If you want to know what’s driving business, you have to drill down deep. Of course, demand drives customer orders and, as it follows, your customer’s customer orders and so on. But when you finally get to the bottom of it, you’ll see a new face of change—a nonconforming consumer that’s younger, and more powerful than any previous generation. He could also be just the employee you need to make the best of it. Enter Generation Y and get ready to embrace more sweeping change on a number of dimensions. It’s a new eminence front—and it’s no put on.

Strength in numbers

The familiar and dominating Baby Boomer influence is diminishing as it moves out of its prime earning and spending years. Now, according to a 2009 Harris Interactive study, Gen Y (those born between 1980-2000*) is now the largest group of consumers in U.S. history. Their current annual spending power exceeds $200 billion of their own (and their parents’ money), and they influence another $50 billion in purchase demand. It is predicted that in just 6 years, they will surpass Boomers in spending sway. And, as these “millennials” begin to build households, their spending will soar. Happy days are coming, but there’s more to the story. Listen up.

Count on differences

To sustain your business success I am suggesting that you make room on your payroll for more young people—the sooner the better. There are two compelling reasons:

1)   The mass of this generational change will inevitably define a whole new marketplace, and
2)   Gen Ys think and act in ways that will seem disrespectful at times, but the fresh perspective that comes with it will help industry evolve.

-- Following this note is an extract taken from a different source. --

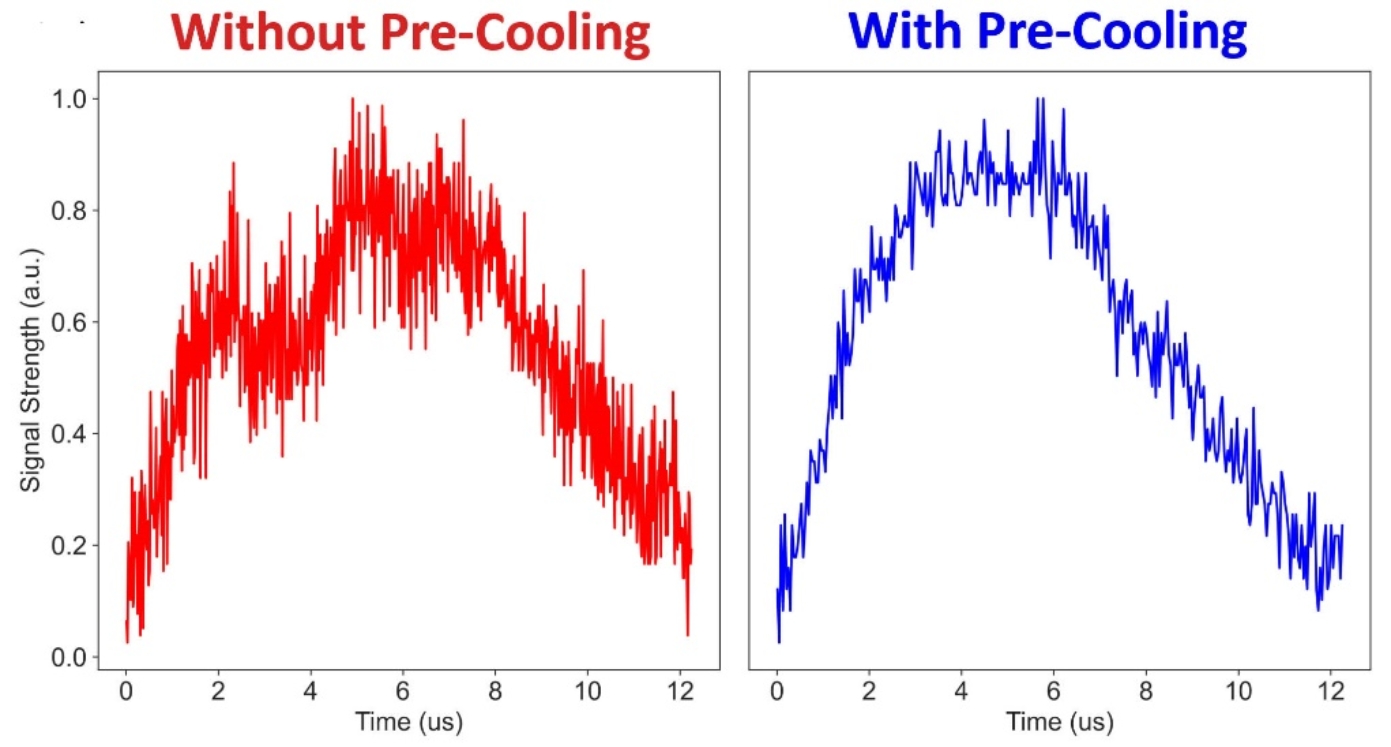 | 摘要:The detection of weak electromagnetic signals at RF and microwave frequencies lies at the heart of many key applications such as mobile telecommunications, radar and magnetic resonance imaging. The required hardware often includes one or several low-noise microwave amplifiers (LNAs) to boost the signal at various points on its journey through the receiver/detector. On planet earth, at 293 K, the performance of these applications, in terms of range, sensitivity and accuracy, is limited by the presence of incoherent thermal photons in the signal that manifests itself as noise. A subset of applications, such as electron paramagnetic resonance (EPR), involves the measurement of standing waves or “modes” inside an electromagnetic cavity or resonator. It will be explained how the thermal noise within such a mode can be substantially reduced simply by strongly coupling the mode to the input of an LNA. In other words, the LNA acts as a refrigerator, cooling down the modes to which it is coupled. Mode temperatures of just a few tens of kelvin are easily obtained with the cavity and LNA still operating at room temperature. Upon disconnecting the LNA (with a sufficiently fast microwave switch), the coldness persists, allowing lower-noise measurements to be made, for a brief period of time equal to the cavity’s photon lifetime. We demonstrate how such “pre-cooling” can be used to improve the signal-to-noise ratio of a time-resolved EPR spectrometer:

For starters, a full 83 percent of 13- to 25-year-olds will trust a company more if it is socially/environmentally responsible. And here’s plausible explanation for their “attitudinal” differences: (They can seem like know-it-alls)

“[Gen Ys have] grown up with this Web 2.0 mentality that there’s complete equality in the world.” They think, “If everyone has access to the same information then we’re all equal, so I know as much as you do even though I’m 20 and you’re 55.” —Patricia L. Bower, clinical associate professor of management communication at NYU’s Stern School of Business.

Just know, they are very different animals; your business will adapt or it will die a slow death if it doesn’t embrace the differences. Suck it up and learn to love the tension between the contrasting attitudes. “… it’s in the combination of two different points of view that innovation occurs.” Says Tammy Erickson, in a post from Harvard Business Online. Because Gen Ys grew up with the Internet they learned to learn in very different ways and not so much always by doing. Now it becomes our challenge to understand their perspectives on the world. Ms Erickson continues,

“[Their] gift is not that they know how to use the technology, it’s that the way they use the technology causes them to think and act in different ways. Not only do they “own” the technology, redrawing the line between institutional and personal … they understand a world that is asynchronous, based on coordination, machine-enhanced, collaborative and alone. They bring these and other new perspectives to work.”

Embrace this generation. I know they have something to teach us.

HIT Solutions believes the more your business keeps up with important trends, the more you will improve your product, and improve your bottom line.

Leave me your comments below; share some stories.

*The study used 1977-1994. However, according to Wikipedia, “there are no precise dates for when the Millennial generation starts and ends, commentators have used birth dates ranging somewhere from the mid-1970s to the early 2000s.”